The holiday season in South Africa is nearly in full swing, and so many of us can’t wait for those cherished days off over the summer. But how do you ensure that everything on your holiday will go according to plan? While you can never fully prepare for every event, you can take into consideration expert tips on how to start your planning process, how to spot fake accommodation listings and when you should consider travel insurance.
When you’re in a reverie about what foods you’ll relish on holiday, what rare animals you might see on safari or the bliss of a rejuvenating spa experience, the last thing you’re thinking about is something going wrong on your holiday – but it’s imperative that you stay mindful of common scams targeting holidaymakers.
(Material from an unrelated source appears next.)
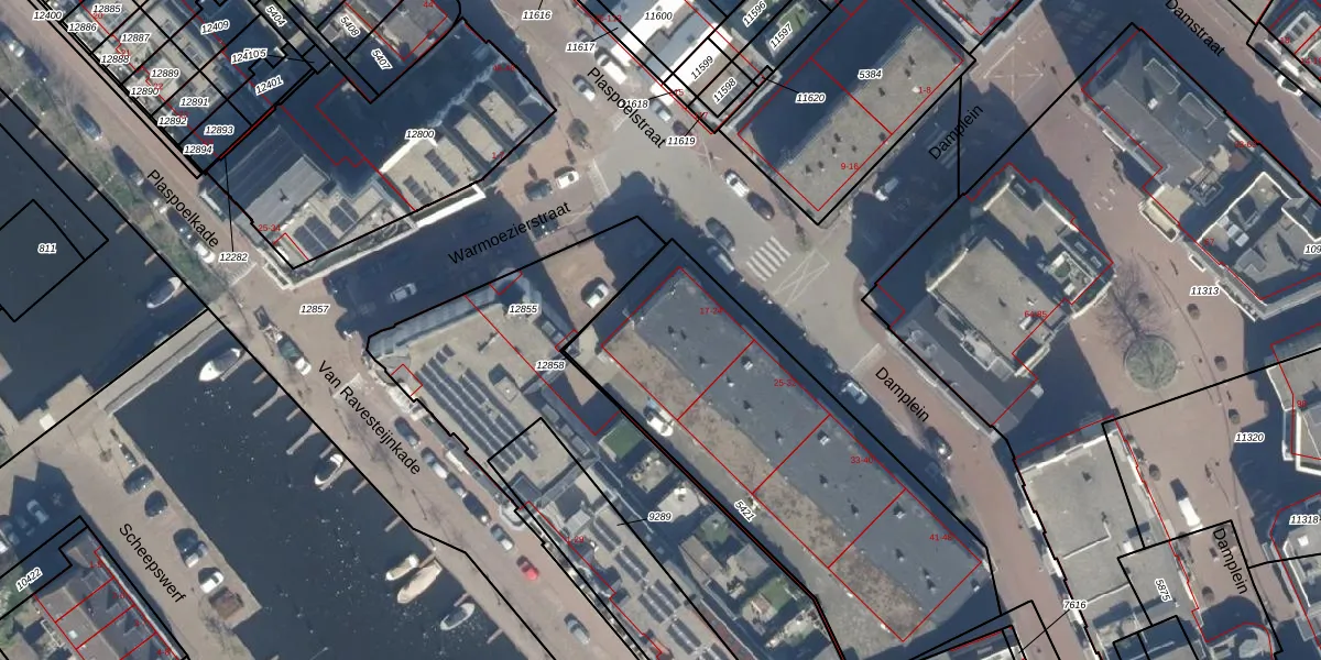 Het perceel waarop Damplein 19 staat heeft een oppervlakte van 1737 m². Dit is een zeer groot perceel. De perceeloppervlakte wordt geregistreerd door het Kadaster. Gedetailleerde informatie over de maten van dit perceel kunt u vinden in het rapport Kadastrale kaart met maatvoering van Damplein 19.

Scammers frequently create fake accommodation listings with enticingly low prices on booking websites. Once the deposit or full payment is made, victims discover that the accommodation they booked does not exist at the listed address, or that the scammers impersonate a business that has no record of the payment or booking.
According to Help Net Security 56% of travellers seek out online deals, 45% will book a deal quickly so that they don’t miss out, and 35% are even willing to try a new booking website in order to get a bargain. However, these behaviours put people at increased risk of being scammed.
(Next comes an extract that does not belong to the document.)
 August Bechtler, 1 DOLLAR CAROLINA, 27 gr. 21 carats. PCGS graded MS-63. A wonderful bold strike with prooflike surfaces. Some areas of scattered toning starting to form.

The best rule of thumb is that if the accommodation deal looks too good to be true, then it probably is, says Anton Gillis, CEO of Kruger Gate Hotel. When booking holiday accommodation, it’s a good idea to compare hotel listings of similar properties in that area to get an estimate of general pricing. Scammers also often use images from multiple properties in one listing, so scroll through each photo to see if the listing imagery looks cohesive. Also be aware of listings that require payments outside of the booking platform, properties that only communicate on Whatsapp, and listings with multiple spelling mistakes.
‘Another useful tip is to check whether your hotel or bed and breakfast has excellent reviews across different platforms,’ advises Gillis.
‘For example, should someone search for Kruger Gate Hotel they will find that we have a rating of 4.5 on Google reviews which detail our guests’ wonderful experiences on our guided safaris, delicious buffets, the viewing deck overlooking the untouched landscape of the Kruger National Park and friendly staff. They will also see that we’ve just been shortlisted at the GuestRevu GREAT Awards in the 100+ room hotel category for hotels from 37 countries,’ adds Gillis.
Scammers are becoming more adept at creating official-looking websites that mimic originals that you are familiar with. Signs that a website could be fake include low resolution logos, spelling mistakes in the domain name or email address and no padlock icon next to the site name.
Make sure that you don’t inadvertently land on a fake website by clicking on random email links or website pop-ups. For example, if you receive an email from a company you’ve never heard about offering you a fantastic travel deal, clicking on their link may take you to a fake website designed to impersonate a brand you’re familiar with. Once there, you could be sold non-existent flights and accommodation. If you’re still keen to see what the deal is all about, avoid clicking on the link in the email sent to you – rather go to the trusted brand’s website by typing their name into your search engine.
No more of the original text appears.